───── INPUT MATERIAL
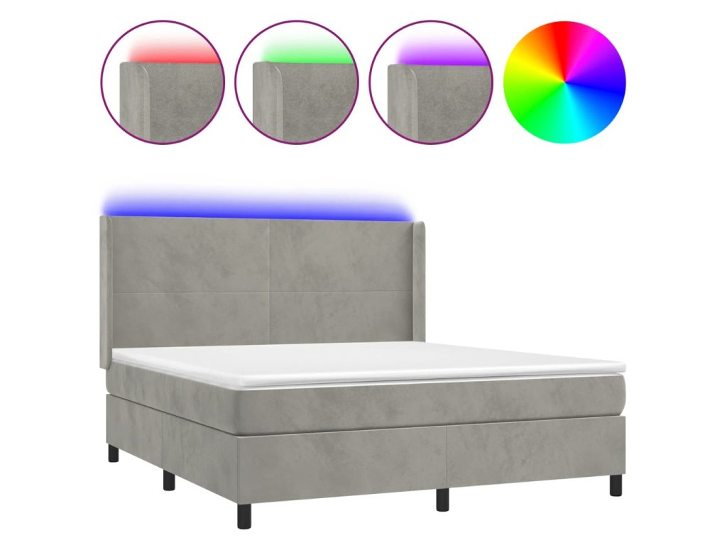 vidaXL Posteľ boxsping s matracom a LED bledosivá 160x200 cm zamat
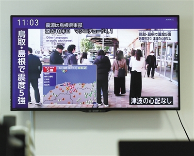 图为新华社记者1月6日在日本东京拍摄的电视画面上显示的地震信息。
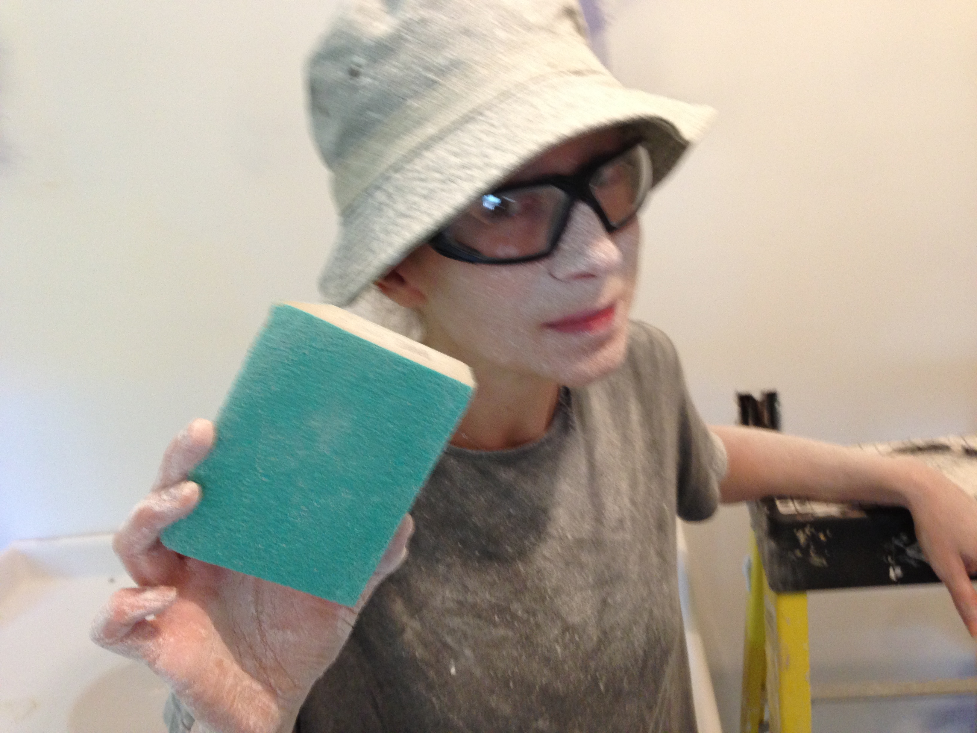 Next, I sanded and wiped down the bathroom. Now, it is ready for primer.
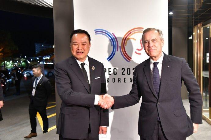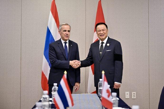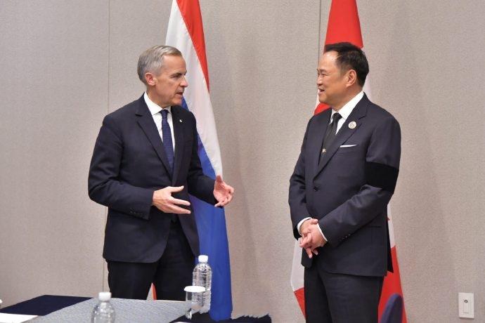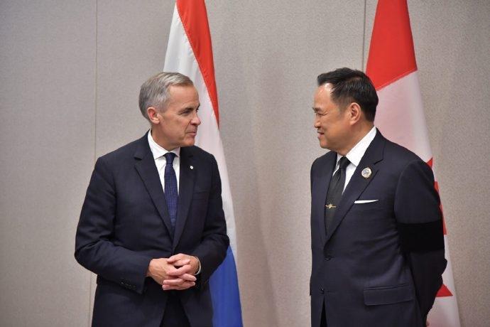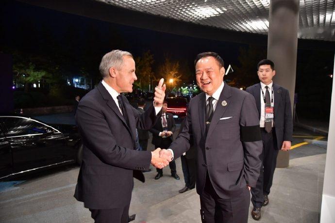 10月31日晚上,加拿大总理和泰国总理单独会晤了! 从曝光的画面我们可以看出,泰国总理阿努廷胳膊上还佩戴一个黑色布条,据悉他这是为了哀悼去世的泰国王太后,更加令人意外的是,泰国总理的领带也是黑色的。 除此之外,泰国总理当天似乎看起来还挺硬气,和加拿大总理握手的时候,其中有一张照片他另外一只手放在兜里面了,而加拿大总理是双手握住泰国总理的手。不得不说这一点可以看出泰国总理真的有点飘了啊!据悉泰国总理也是刚刚才当选上,这次也是他首次参加这么重要的会议。 在亚太经合组织第三十二次领导人非正式会议上,泰国总理的夫人也来了,在看权志龙的歌舞表演时还挺抢镜。
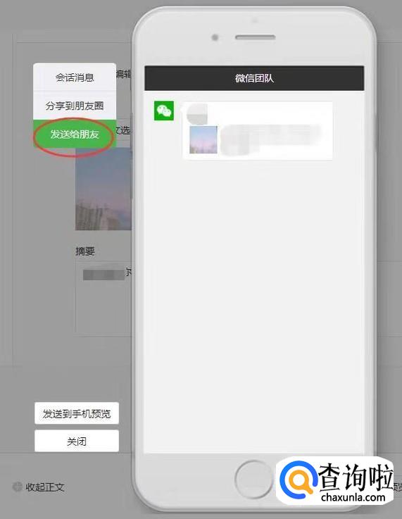 第二个“发送给朋友”,就是你将文章分享给好友之后,在你们聊天的对话框显示的样子。
──────────
■ **WORK REQUIRED**
Give back, word for word, the lines from the one containing "Next, I sanded" through the last line of the listing above; include both ends and exclude the pictures.

■ **WRITTEN RESPONSE**
 Next, I sanded and wiped down the bathroom. Now, it is ready for primer.
 10月31日晚上,加拿大总理和泰国总理单独会晤了! 从曝光的画面我们可以看出,泰国总理阿努廷胳膊上还佩戴一个黑色布条,据悉他这是为了哀悼去世的泰国王太后,更加令人意外的是,泰国总理的领带也是黑色的。 除此之外,泰国总理当天似乎看起来还挺硬气,和加拿大总理握手的时候,其中有一张照片他另外一只手放在兜里面了,而加拿大总理是双手握住泰国总理的手。不得不说这一点可以看出泰国总理真的有点飘了啊!据悉泰国总理也是刚刚才当选上,这次也是他首次参加这么重要的会议。 在亚太经合组织第三十二次领导人非正式会议上,泰国总理的夫人也来了,在看权志龙的歌舞表演时还挺抢镜。
 第二个“发送给朋友”,就是你将文章分享给好友之后,在你们聊天的对话框显示的样子。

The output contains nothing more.